Companies only want to carry major sellers now and that's mostly just WalMart rubbing off onto everyone.
And Suncoast/Sam Goody rotting apart was one of the major things that led to the demise of a once bigger market. Palisades, SOTA, and even McFarlane heavily relied on them.

>>6489967
You have no idea what you're talking about.
Video games might have been seen as a fad in the 70s, but by the 80s, video games were firmly entrenched. Arcade owners became millionaires. Chuck E Cheese and its wannabes became a thing. Tons of new video game companies started exsting. Nintendo's new direction toward video games started. All before the 80s.

Saying it's a fad because of the crash ignores the fact arcades were still booming. This is where the majority of cash was being spent up until probably the early 90s. Only consoles were hit by the crash and Nintendo became popular in the mid-80s, not early 90s.
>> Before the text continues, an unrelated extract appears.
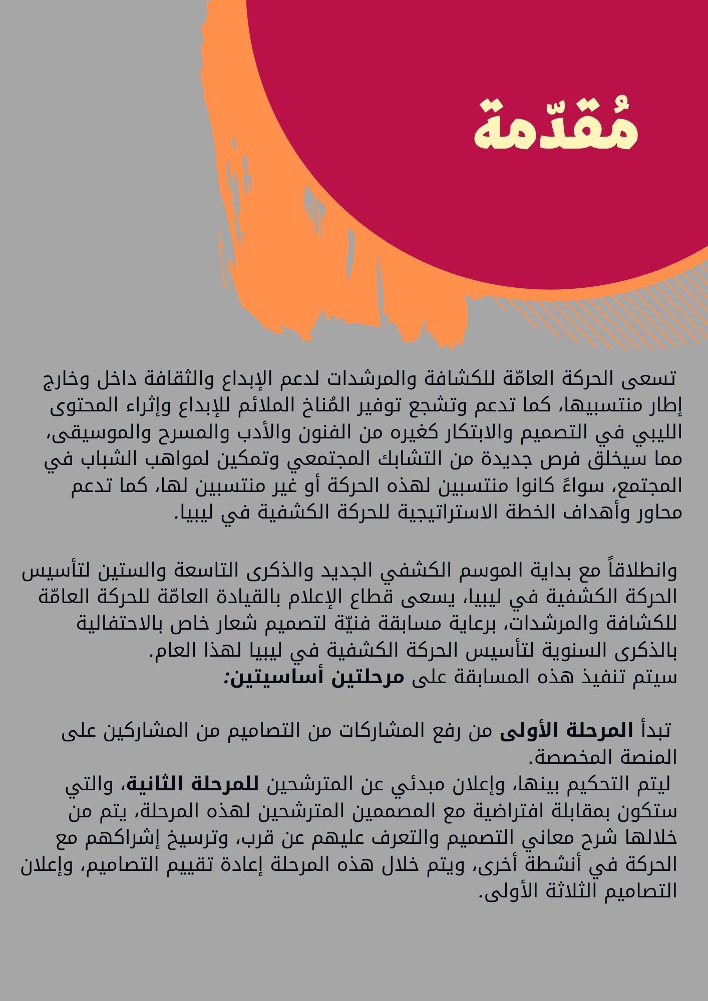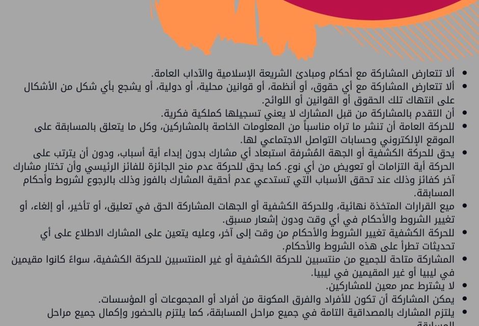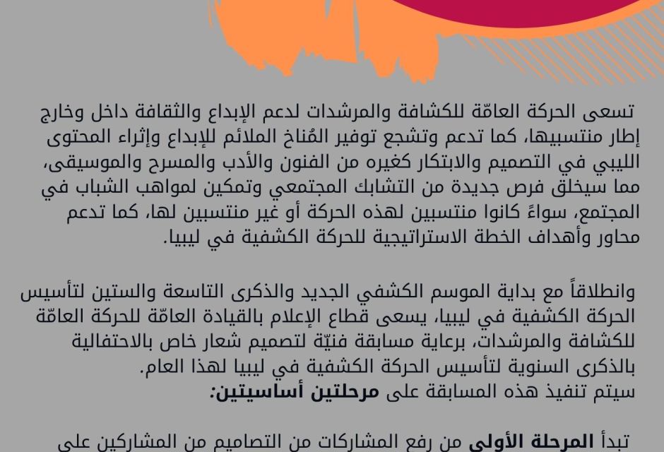 تُطلق الحركة العامة للكشافة والمرشدات مسابقة لتصميم شعار الاحتفال بالذكرى التاسعة والستين لتأسيس الحركة الكشفية في ليبيا؛ بهدف إشراك الفنانين والمحترفين من المبدعين والمصممين للتنافس على تصميم أفضل مقترح لشعار الاحتفال. وسيتم تنفيذ المسابقة على مرحلتين أساسيتين.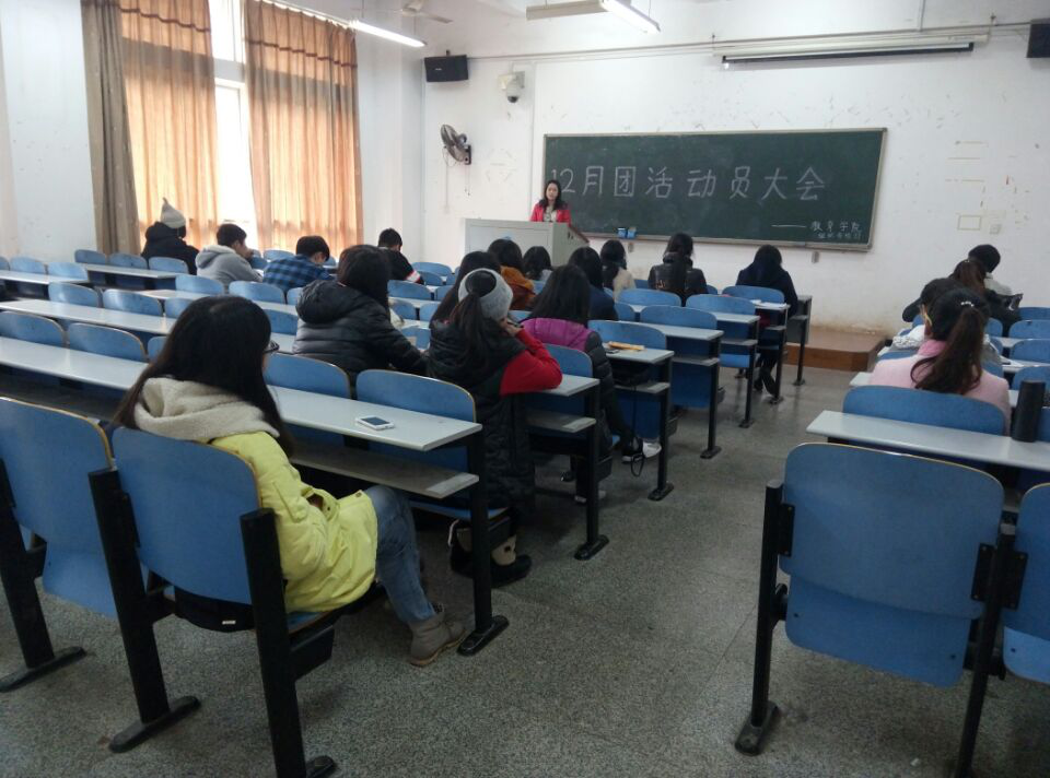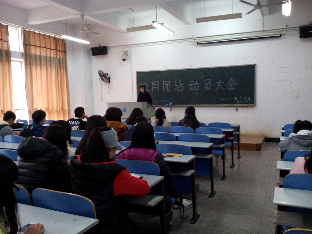 2015年12月3日星期四,教育学院组织考核部组织了13级、14级、15级三个年级的班级团支书在八教105开了十二月份团活动员大会。

>the rise of multiplayer games
Nope.
Arcades existed and some of the most popular games were multiplayer for double the cash in one machine.
If anything has affected children buying/wanting toys, its that even toddlers need iPhones now and how there is a multitude of free games.

FYI, NBA Jam made nearly a billion dollars when it first came out. The arcade machines. 25ยข per play. That's more than any movie had ever made.
This is how popular arcades were back in the day and shows how much money kids were putting into VGs back then.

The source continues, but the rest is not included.